Johnny Curley

Personal information
- Nationality: British
- Born: 9 November 1897
- Died: 31 December 1982 (aged 85)
- Weight: Featherweight, lightweight

Boxing career

Boxing record
- Total fights: 171
- Wins: 122
- Win by KO: 47
- Losses: 31
- Draws: 17

= Johnny Curley =

English boxer

Johnny Curley (9 November 1897 – 31 December 1982) was an English boxer who was the British featherweight champion between 1925 and 1927.

==Career==
From Lambeth, London, Curley made his professional debut in November 1913. By March 1925 he had fought over 100 times, winning more than 80 contests, including victories over Al Foreman, Ernie Izzard, Battling van Dijk, Billy Hindley and Bugler Harry Lake.

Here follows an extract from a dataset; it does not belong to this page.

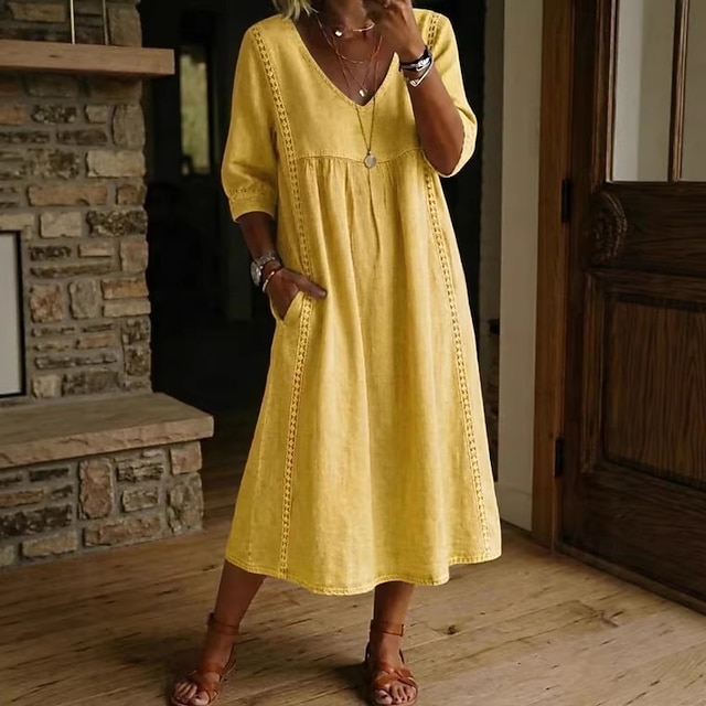 Tipo di abito:Abito a trapezio,Finto cotone e lino,Abito Estivo,Vestito Estivo,Tessuto:Cotone,Genere:Per donna,Design:Tasca,Occasione:Abito Estivo,Ufficio,Spiaggia,Quotidiano,Feste,Ferie,Stile:Spiaggia,Casual,Festa,Vacanza,Tipo di stampa:senza stampa,Taglio dell'abito:Vestibilità comoda,Tipo di lunghezza del vestito:Abito Midi,Scollatura:Scollo a V,Lunghezza della manica:Mezza Manica,Elasticità:Inelastico,Delicato:Lavaggio a macchina,Fantasia/motivo:Semplice,Stagione:Estate,Primavera,
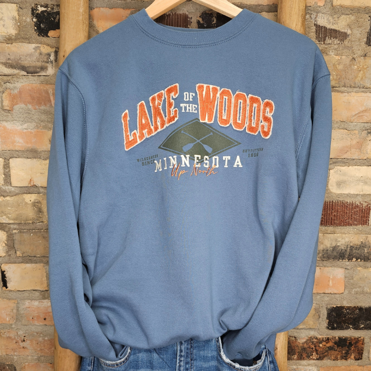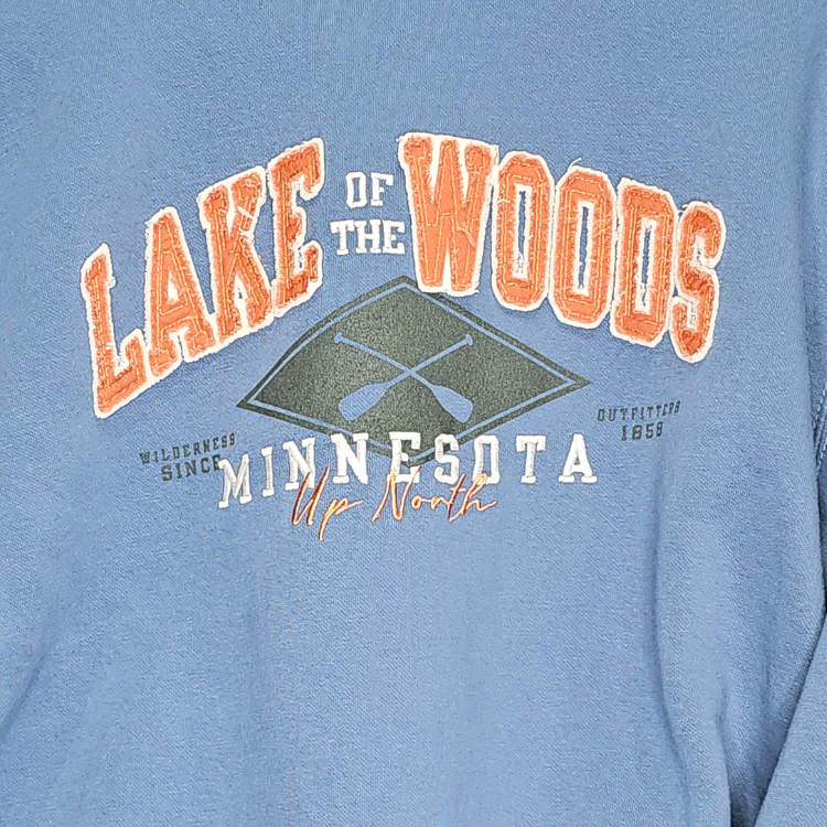 With a well-worn look and laid-back feel, the Lake of the Woods Heritage Crewneck brings all the charm of a weekend Up North. Vintage-style applique letters spell out Lake of the Woods across the chest, accented with a printed crossed-paddle design and subtle embroidery reading Minnesota Up North. Available in Baltic blue or classic Pewter, it’s the kind of sweatshirt that feels like a memory the moment you put it on.

In March 1925 he beat George McKenzie on points over 20 rounds at the National Sporting Club to take the British featherweight title. He failed to win any of his next five fights, losing twice to Johnny Cuthbert. In another match against Phil Bond, the fight was declared a no contest after they both continued fighting after the end of the twelfth round. In October 1925, he was beaten on points by Jack Kid Berg.

In January 1926 he stopped Lake in the fourteenth round, and in March made the first defence of his British title against Harry Corbett (the first fight to be reported on live by BBC radio), taking a points decision. In June he stopped van Dijk in the fifth round, but lost by disqualification (for hitting low) a week later against French champion Edouard Mascart. In July he stopped Tommy Noble in the fifth round, and after losing to Cuthbert in September made a second successful title defence in November, with a points win over Hindley to win the Lonsdale Belt outright. He finished the year with wins over Jack "Kid Froggy" Hyams and Young Johnny Brown.

Curley made a third defence of the title in January 1927, losing a points decision to Cuthbert. He won seven of nine fights in the remainder of the year, and travelled to Australia in 1928, where he won all four of his fights, including a points win over Australian champion Tommy Barber. Back in England, he beat Auguste Gyde on points in July, but by the end of the year his fortunes dipped.

From 1929 until his retirement on medical advice in 1931 he won only six of 34 fights. During this period he also refereed bouts. He returned in 1937 for one fight, a defeat at the hands of Al Church.